IN THE COURT OF APPEAL OF THE STATE OF CALIFORNIA
SIXTH APPELLATE DISTRICT
FELD ENTERTAINMENT, INC.,
Plaintiff and Respondent,
v.
DENIZ BOLBOL,
Defendant and Appellant.
| H043368 (Santa Clara County Super. Ct. No. CH004436)
|
Appellant Deniz Bolbol challenges the superior court’s denial of her 2016 motion to dissolve an injunction that had been issued in 2013. She claims that the court should have dissolved the injunction based on evidence she presented in support of her motion challenging the credibility of the testimony upon which the 2013 injunction was based. We find no abuse of discretion in the superior court’s decision to deny her motion, and we affirm its order.
I. Background
Respondent Feld Entertainment, Inc. (Feld) operated the Ringling Bros.
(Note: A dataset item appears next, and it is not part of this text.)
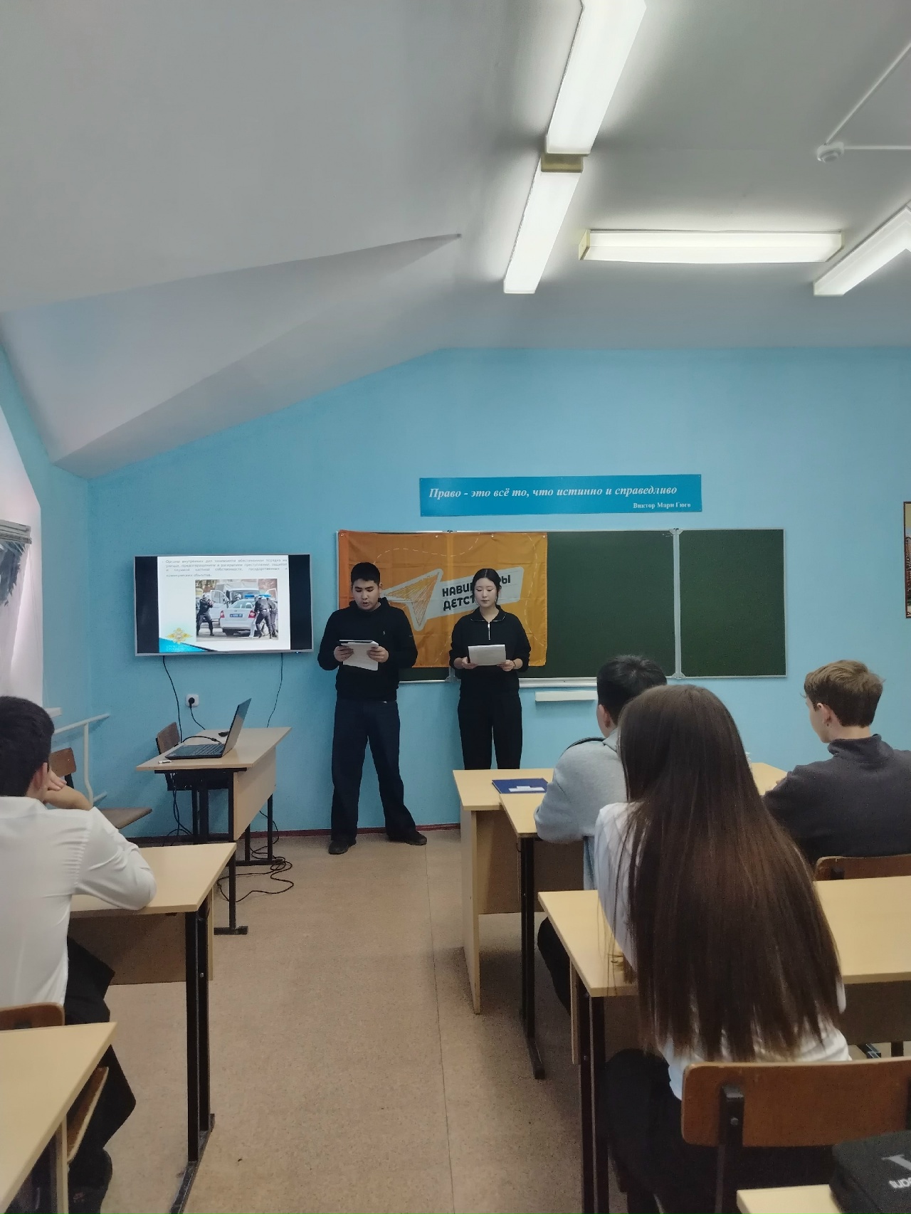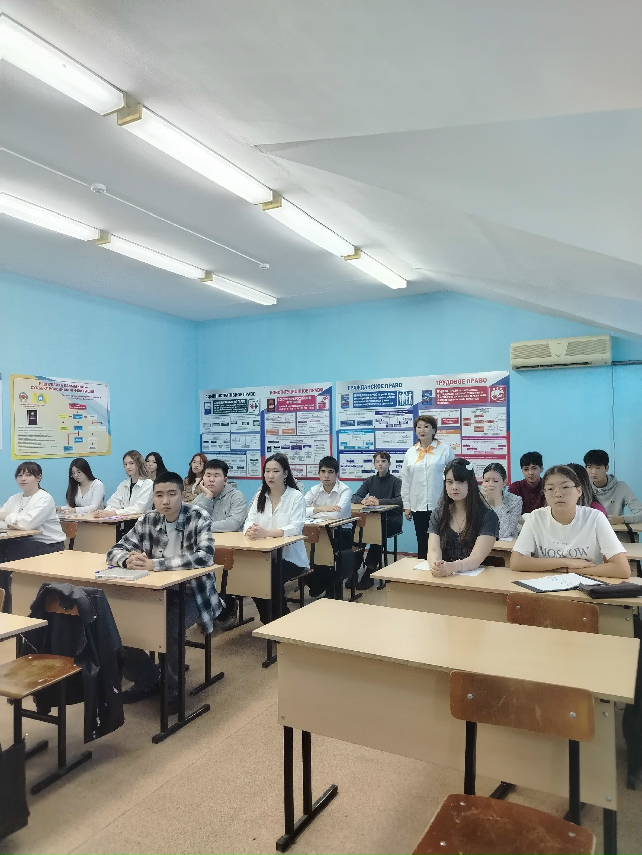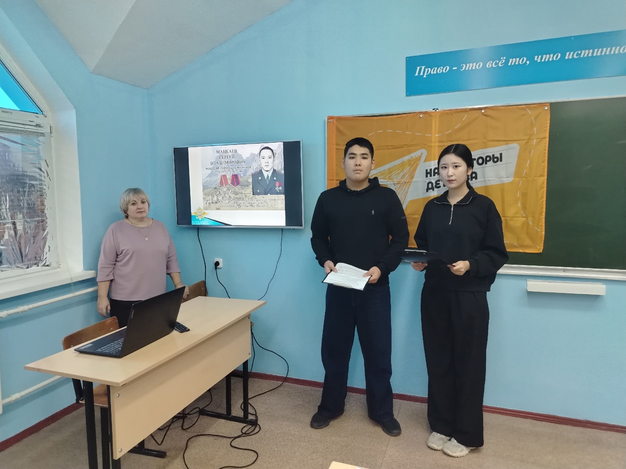 В целях воспитания гражданственности и патриотизма 07 ноября 2025 года студенты 1 курса специальности «Юриспруденция» (кл. рук. Будыльская Н.В.) организовали и провели час мужества, посвященный Дню памяти погибших при исполнении служебных обязанностей сотрудников ОВД. Молодые люди рассказали о героях правоохранительных органов — наших земляках, которые ценой собственной жизни обеспечивали безопасностьграждан Республики Калмыкия в мирное время. В завершении мероприятия прошла Минута молчания.

Barnum and Bailey Circus. On August 14, 2012, a week after an August 7 Oakland, California “animal walk” preceding a Feld circus performance in Oakland, Feld filed a petition seeking a workplace violence restraining order (WVRO) against Bolbol, Joseph Cuviello, and Sherisa Andersen under Code of Civil Procedure section 527.8.[1] Feld’s petition was based on events that had occurred during the August 7 animal walk. Feld obtained a temporary restraining order (TRO) against Bolbol, Cuviello, and Andersen, and a trial was held in September 2012 on Feld’s petition. Although numerous videos of the animal walk were presented at trial, none of the videos showed the conduct of Bolbol upon which Feld’s petition was based.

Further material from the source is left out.